Imagine going into a hair salon and asking for a wash, cut, and gene therapy to get rid of your gray hair. Although this may be far off in the future, researchers have shown for the first time that they can change the color of an animal’s hair through a new type of gene therapy. But the possibilities go far beyond a high-tech dye job. The new technology could lead to safer and better gene therapy techniques for treating serious human diseases, too.

In Living Color

Researchers at Jefferson Medical College in Philadelphia have used the new technique, called chimeraplasty, to make albino mice grow black hairs. Although they were able to correct a mutation in tissue cultures of albino mouse cells last year, this is the first time they have been able to obtain the same results in living animals.

"I think that this is a considerably new approach of doing gene therapy—that we are trying to correct the mutation. . . rather than supplying the entire gene," says Dr. Kyonggeun Yoon, associate professor of dermatology and cutaneous biology, who participated in the research, which was reported in the journal Nature Biotechnology (Vol. 18, January 2000).

Yoon and her colleagues were able to achieve this by chemically synthesizing a small piece of genetic material—called an oligonucleotide—containing both DNA, with the corrected pigment-producing gene, and RNA, which seems to stimulate the matching of genetic sequences. This then acts as a blueprint that tells the mouse’s own gene repair mechanism how to fix the mutation.

Microscopic view of a few black hair

The RNA-DNA nucleotide was then repeatedly applied to the skin of the mice, as well as injected. Within two to three months, researchers observed black hairs. Although the number of colored hairs is so few they have to be seen under a microscope, researchers analyzed the mouse DNA and found that it had corrected the albino mutation. The effect lasted up to six months, in spite of the fact that hair grows out and is continuously renewed. Yoon said she believes the team was able to reach at least some epidermal stem cells—which give rise to other skin cells, such as pigment-producing ones—because the pigmentation lasted more than one hair cycle.

What The Future Holds

Unlike other gene altering techniques, chimeraplasty doesn’t use a virus to carry the new gene into the body. Using viruses presents some risk, since they can provoke an immune reaction. So this technique may prove to be a safer form of treatment, according to Yoon.

Epidermolysis bullosa.
image: DebRA

But what conditions it should be used to treat is a controversial topic. Yoon says there has been too much hype about using the technique for cosmetic conditions, such as gray hair or hair loss. She cautions against using gene therapy when it’s not necessary and points out that the technique still has quite a way to go in terms of effectiveness. Her hope is that it will eventually be used to treat life-threatening skin cancers and painful, disfiguring skin-blistering diseases like epidermolysis bullosa.

"For dermatological applications, if we can improve the efficacy of this and. . . if it can help some people with serious diseases where there is no current cure, I think that’s quite worthwhile to do it," she says.

It may be that hair follicles act as a kind of doorway in the skin.
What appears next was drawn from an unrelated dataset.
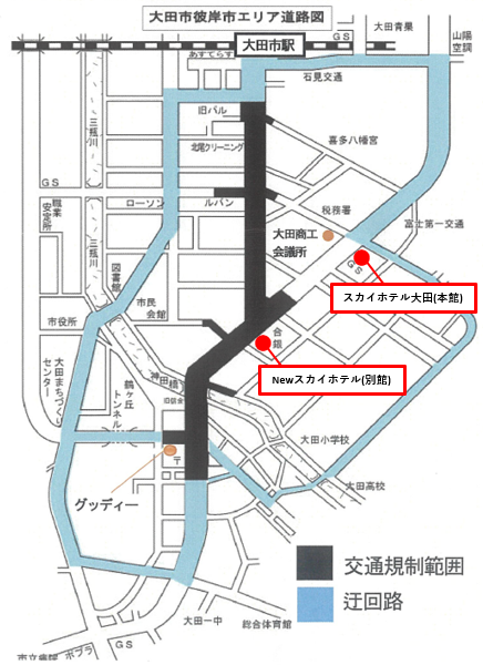 スカイホテル大田(本館)は迂回路にて出入りが可能でございますが、Newスカイホテル(別館)は駅通りの規制区間内に位置しております関係で、時間帯によりましては駐車場からの入出庫ができなくなっております。

According to Yoon, in hairy animals at least, the hair provides some sort of open avenue that allows small molecules to penetrate deep into the dermis.

Other research seems to support this. In September, researchers testing a DNA vaccine reported in the journal Nature Biotechnology that the vaccine worked if it was dripped onto skin, as long as the skin had hair on it.

Hoffman has even suggested that because hair follicles have a high capacity for manufacturing proteins, they could be used for other purposes. "Why not take over the hair follicle to make medically useful products, instead of hair," he said. "Why not subvert the process and make them factories?"

It’s also not clear whether the technique would even work for cosmetic corrections, because scientists don’t know if these problems are caused by genetic alteration. "It’s not clear whether cells that produce pigment are lost or lose function," said Dr. Robert Hoffman, president of AntiCancer, Inc., a biotechnology company that develops cancer treatments. Even if cells lose function, however, Hoffman says scientists could try to augment the genes as opposed to repairing them, as Yoon has done. "If the cells themselves die out, perhaps we can transfer their capabilities," he said. "I think in science we should never close the door on possibilities."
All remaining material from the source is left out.